How autobiographical are the close-to-the-bone stories in The Bloke’s Bible and The Road Trip? Dave is cagey about that, avoiding the topic by moving the subject away from himself. He is, after all, still a guy. And while not necessarily comfortable with talking about his own feelings to a total stranger in a pub (at least after only one Guinness), he has advice for those wishing to share their faith with men. ‘Don’t tell people what you think Jesus should mean to them,’ he says. ‘Be honest about what he really means to you. Draw on the moments of doubt and despair. Draw on the moments when you thought he’d come through for you and he didn’t. Those times temper the idealism that is wrapped around Christianity.’

That seems to fit in with what CVM believe too. ‘The biggest favour you can do a man is to encourage him to share transparently,’ CVM’s book, Winning Men advises. ‘Only then will you be able to offer the light of the Gospel.’ Despite the differences between men and women that both Dave and the people at CVM are keen to point out, perhaps a combination of earthy, edgy entertainment and honest, Biblical truth could do us all some good, not just the men.
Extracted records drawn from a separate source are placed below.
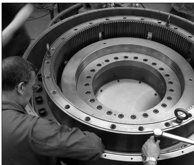
HBS 42 brake assembly

A network of service oriented, technically trained, authorized Wichita distributors will promptly serve your replacement part needs.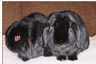
Snoopy and Sooty live in Sydenham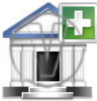
Bank Regional Office Add.png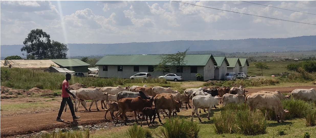
A man herds cows past barracks provided to the police by the North Mara gold mine

He said that the matter had been reported to the local police, who in turn had called “the leader of the police who guard the mine”, but they had directed local residents to speak with village leaders to organise a meeting with the mine. He said that residents had reported the issue to the village leadership, but, as in the past, “nothing happens”.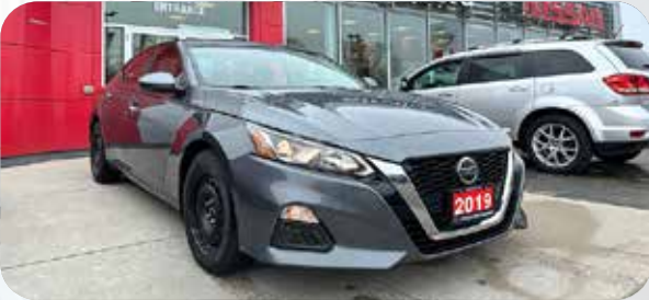
2019 Nissan Altima

$ 19,395 + HST & lic LOW KMS - 95,446 KM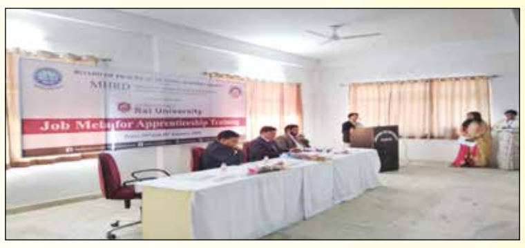
Director BOPT (ER) along with the participants at the Job Mela at Rai University, Jharkand

1. Aegis Customer Services Pvt. Ltd. 2. Bharat Coking Coal Limited (BCCL) 3. Bokaro Steel Plant 4. Central Coalfields Limited (CCL) 5. Culture CoLab Pvt. Ltd., 6. Fleetguard Filters Pvt. Ltd., 7. GE Diesel Locomotive Pvt. Ltd., 8. Heavy Engineering Corporation Limited (HEC) 9. Highco Engg. Company Ltd., 10. ICAR Ranchi, 11. Infinite Net Solutions, 12. Jamshedpur Continuous Annaling and Processing Company Pvt. Ltd., (JCAPCPL), 13. JMT AUTO LIMITED, 14. JOST India Auto Component Pvt. Ltd, 15. Jumbo Engg. Pvt. Ltd., 16. Mecon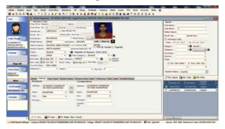
Fig.7 Student Module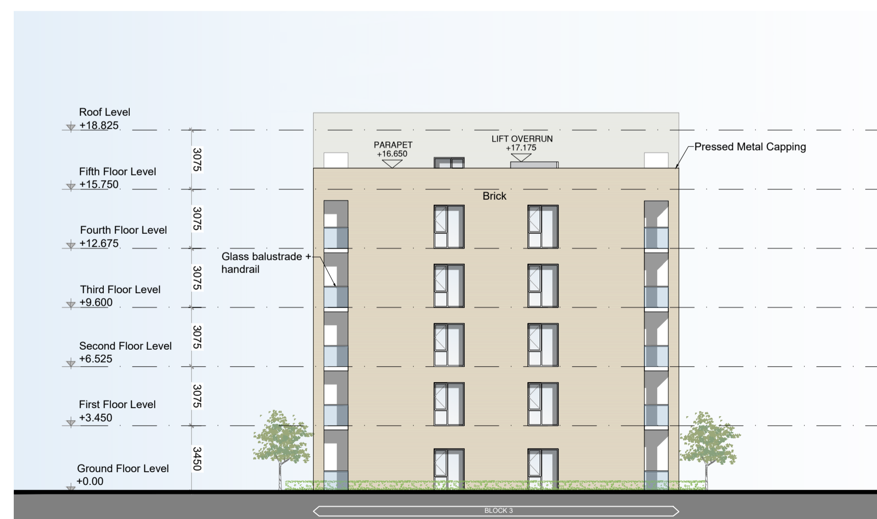
04- NORTH ELEVATION

A desire for honesty and authenticity, after all, is hardly exclusive to blokes.

5 Responses

  1. I can not see who interviewed David Hopwood and wrote the review of his two books, but I’m grateful to them for a job well done.
    It’s amazing how The Lord works! I have had similar feelings to those expresed by David for some time, and as a relatively new Christian (four years, and only baptised this year) I have many years of ingrained, stereotypical macho traits that I have struggled. Just when I am also wondering how I can broach the subject of our Lord to my equally manly Dad and brothers, along comes Mr Hopwood. The Lord speaking to us through David’s book could be the key I need.
    I look forward to reading The Bloke’s Bible myself soon. If it reads as well as your review suggests then I shall buy several more, and pass them on to the rest of my male friends and family.

    God Bless

    Leon Mower

  2. He’s finding it hard to relate to the lyrics, the high pitch of the singing, the flowers, the whole church experience, and I suddenly realise that so am I. Looking around, other men are feeling the same.
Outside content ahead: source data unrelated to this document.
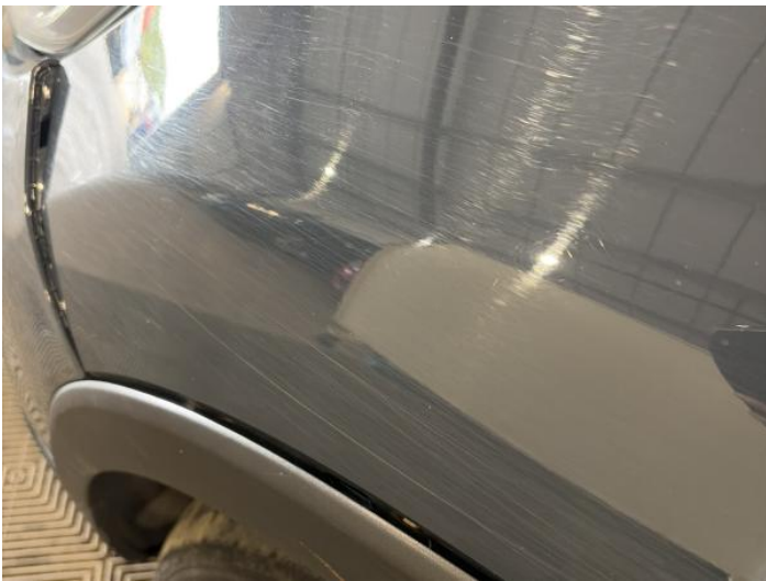
5: Wing nsf Scratched Over 25mm Thru Paint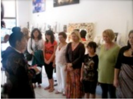
Daily Blessing Ceremony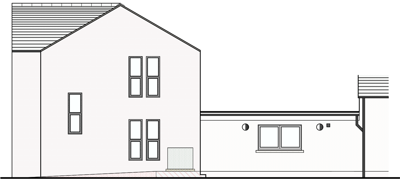
Proposed East Elevation - Scale 1:100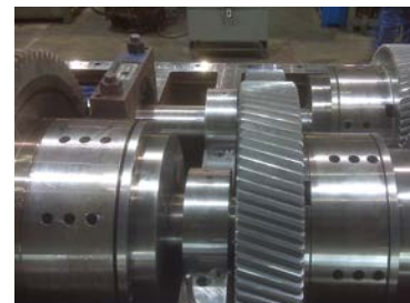
HC/CH clutches installed in drawworks gearbox.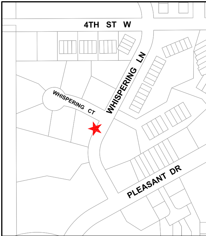
Corner of Whispering Ln & Whispering Ct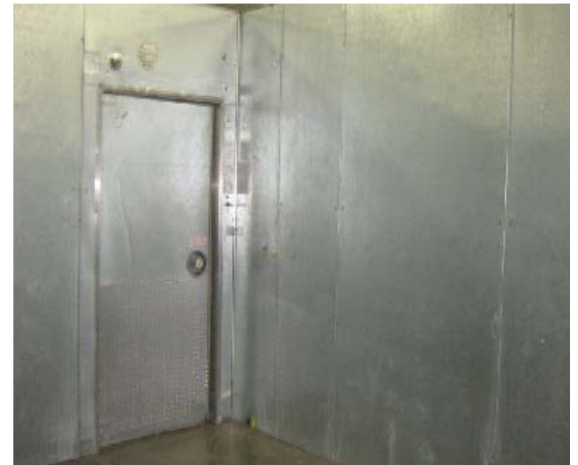
12'2" x 33'7" x 9'5" H Walk-In Combination Cooler / Freezer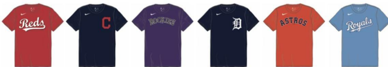
Cincinnati Reds N223-62Q-RED-J74 NY23-62Q-RED-J74 N199-62Q-RED-J81 NY28-62Q-RED-J81 Sport Red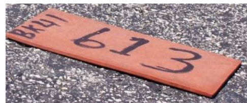
There is one tab for each space at the swap meet.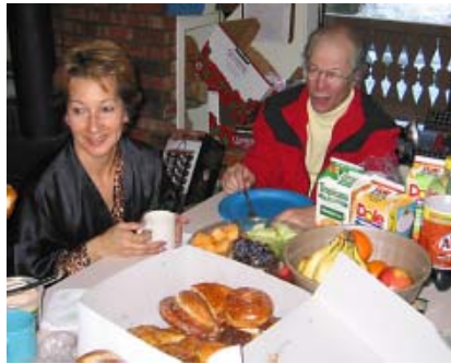
We enjoyed good food!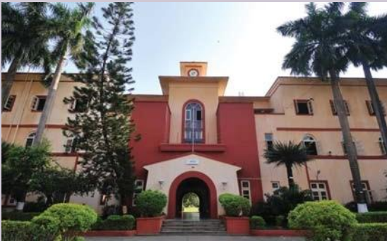
D. G. Ruparel College of Arts, Commerce & Science, Mumbai.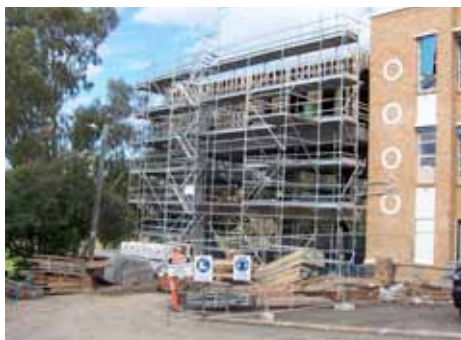
Under Construction September, 2010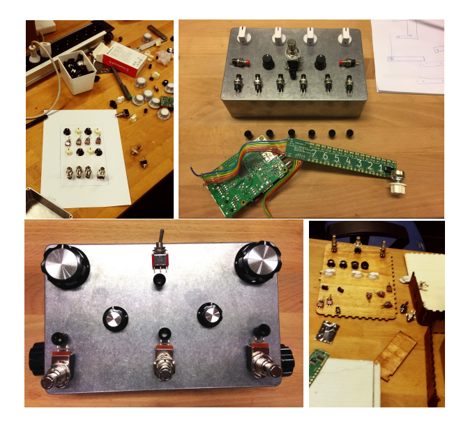
Figure 2: Photos taken during the workshops, while participants design their layout for the front panel, either on paper (top left) or on the enclosure, by arranging the caps of knobs.

    I feel it too – and I’m a woman!

  3. I bought this book (Bloke’s Bible) a little while back but haven’t read it yet, but I now intend to! I get the feeling that Dave is trying to be honest, painfully honest, when English Christianity sometimes can be a bit ‘nice’ and a bit too ‘middle-class’ and even a bit too exclusive. I may be wrong about this, but this is how I feel, and how I perceive Christianity to be, especially organised Christianity in England.

    Christ reaches out for the whole world, and yet organised religion at best can fail to do this. Christ calls all kinds of people, even the people you might think don’t merit a second look. I myself have been a Christian for a long time, but I don’t come from a particularly Christian or churchy background of any kind.

    We need to get to the truth of the Bible, and not sugar-coat it, or make it ‘nice’ and then boring and irrelevant. The Bible is a wonderful book, my favourite of all time, but there are things in there that are starker and sometimes more graphic and gritty than any crime or sex bestseller! Is this God’s Word? Is this the God we think we know? Are we sure know God at all, when He is often interpreted, even misinterpreted, by well-meaning but sometimes out-of-touch Christians, who in being nice, don’t want to offend anyone. But the Bible is there to shake people up, to make them think, to question all our cosily held, but sometimes false, assumptions.

    If men, no every Christian, start being real and honest with each other, we might just get to some truth!

  4. I think The Bloke`s Bible is one of the best Christian books i have ever read, and he along with Adrian Plass and Jeff Lucas really lift my spirits and bless me so much. Oh yer and i am a bloke.